TASK PROMPT —
Task for the records below: copy exactly from the first line on, stopping once the line with "米奇力夫微波爐密封帶蓋陶瓷保鮮碗三件套家用保溫盒大號泡面湯碗" is copied, and leave out the pictures.

Entries taken from a collection —
════════════════════

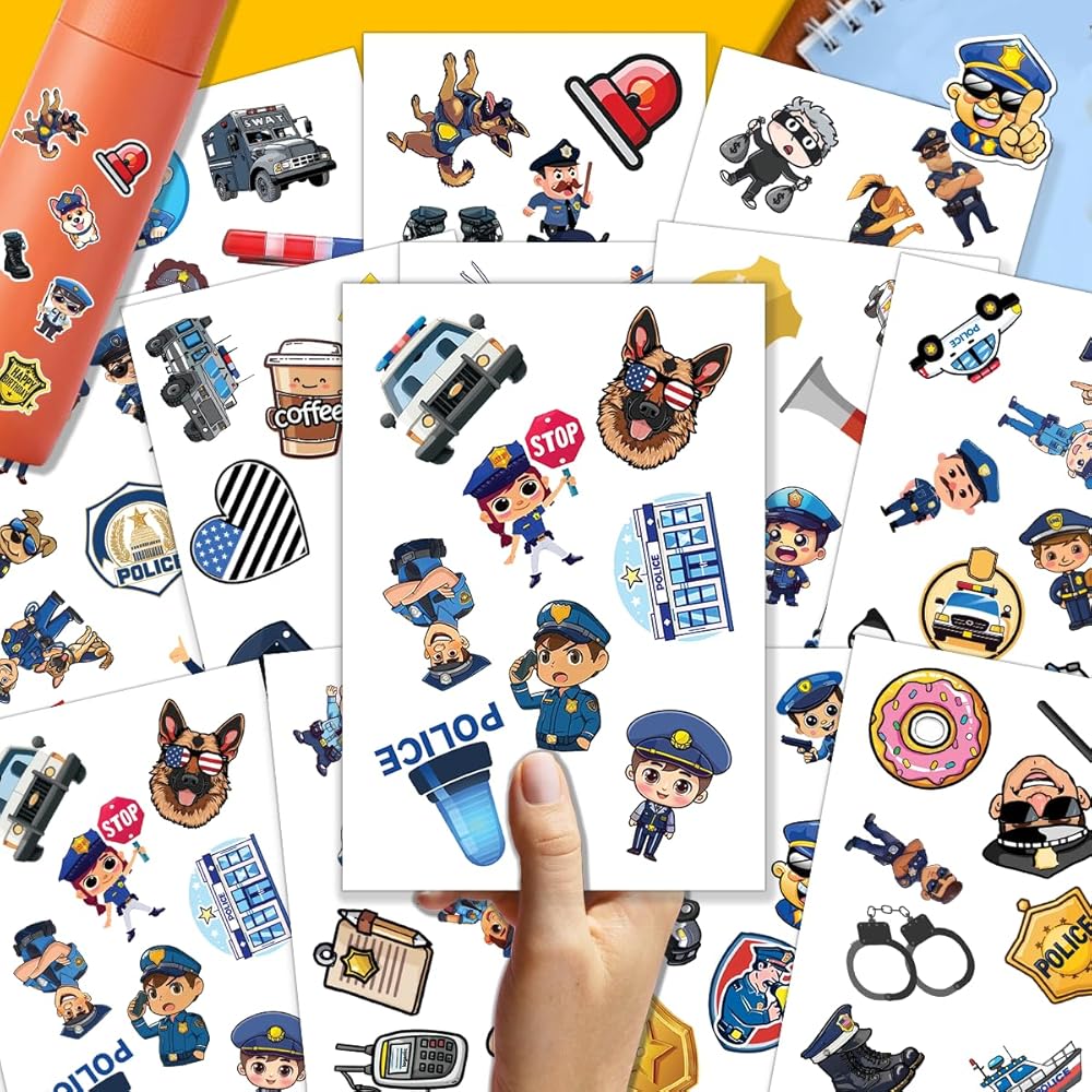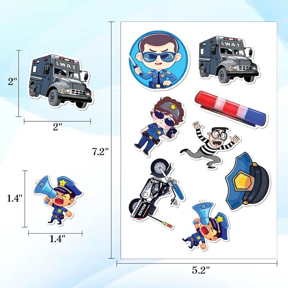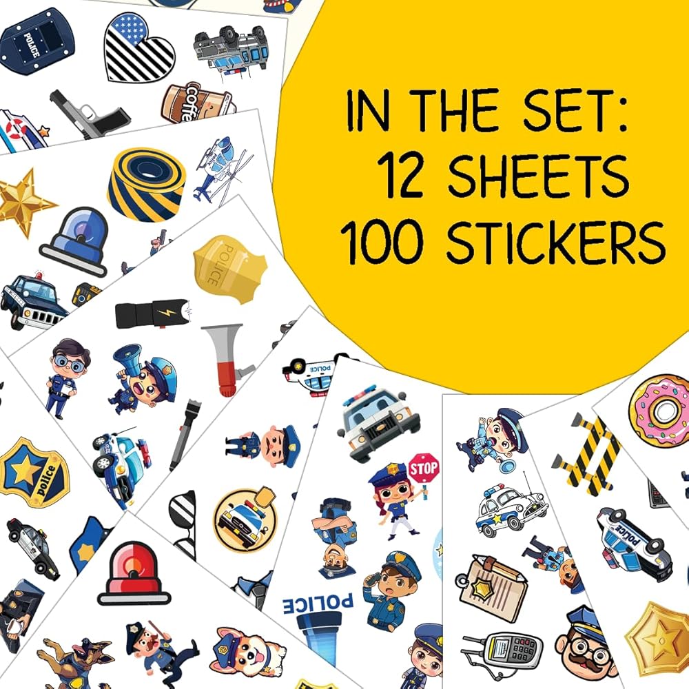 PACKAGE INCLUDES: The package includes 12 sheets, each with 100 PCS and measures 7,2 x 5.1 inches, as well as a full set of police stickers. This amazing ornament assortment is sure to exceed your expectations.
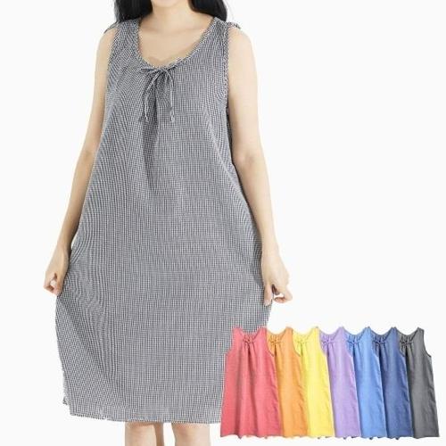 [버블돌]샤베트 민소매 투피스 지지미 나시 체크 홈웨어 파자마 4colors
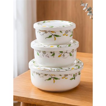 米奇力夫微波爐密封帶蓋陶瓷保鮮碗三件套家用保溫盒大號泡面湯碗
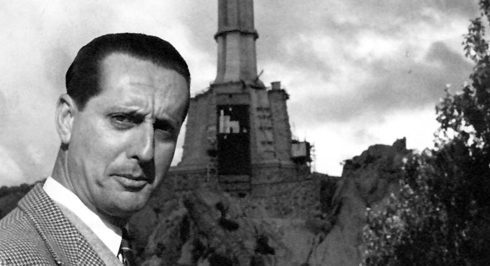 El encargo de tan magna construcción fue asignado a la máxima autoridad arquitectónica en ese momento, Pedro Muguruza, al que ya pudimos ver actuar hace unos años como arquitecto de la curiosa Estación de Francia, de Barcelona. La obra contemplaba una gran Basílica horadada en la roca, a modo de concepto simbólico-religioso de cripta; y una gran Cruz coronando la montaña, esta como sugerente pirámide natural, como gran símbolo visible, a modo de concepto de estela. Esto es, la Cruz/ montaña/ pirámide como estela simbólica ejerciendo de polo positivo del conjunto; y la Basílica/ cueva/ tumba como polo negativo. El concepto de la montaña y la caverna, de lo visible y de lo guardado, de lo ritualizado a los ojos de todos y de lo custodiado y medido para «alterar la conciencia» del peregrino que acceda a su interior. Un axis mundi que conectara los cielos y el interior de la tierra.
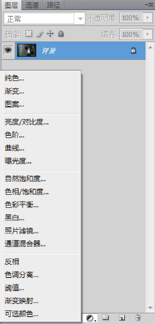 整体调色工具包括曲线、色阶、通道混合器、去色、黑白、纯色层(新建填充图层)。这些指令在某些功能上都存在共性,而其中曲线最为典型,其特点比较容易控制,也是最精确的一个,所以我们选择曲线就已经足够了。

════════════════════

ANSWER TO THE EXERCISE —
 PACKAGE INCLUDES: The package includes 12 sheets, each with 100 PCS and measures 7,2 x 5.1 inches, as well as a full set of police stickers. This amazing ornament assortment is sure to exceed your expectations.
 [버블돌]샤베트 민소매 투피스 지지미 나시 체크 홈웨어 파자마 4colors
 米奇力夫微波爐密封帶蓋陶瓷保鮮碗三件套家用保溫盒大號泡面湯碗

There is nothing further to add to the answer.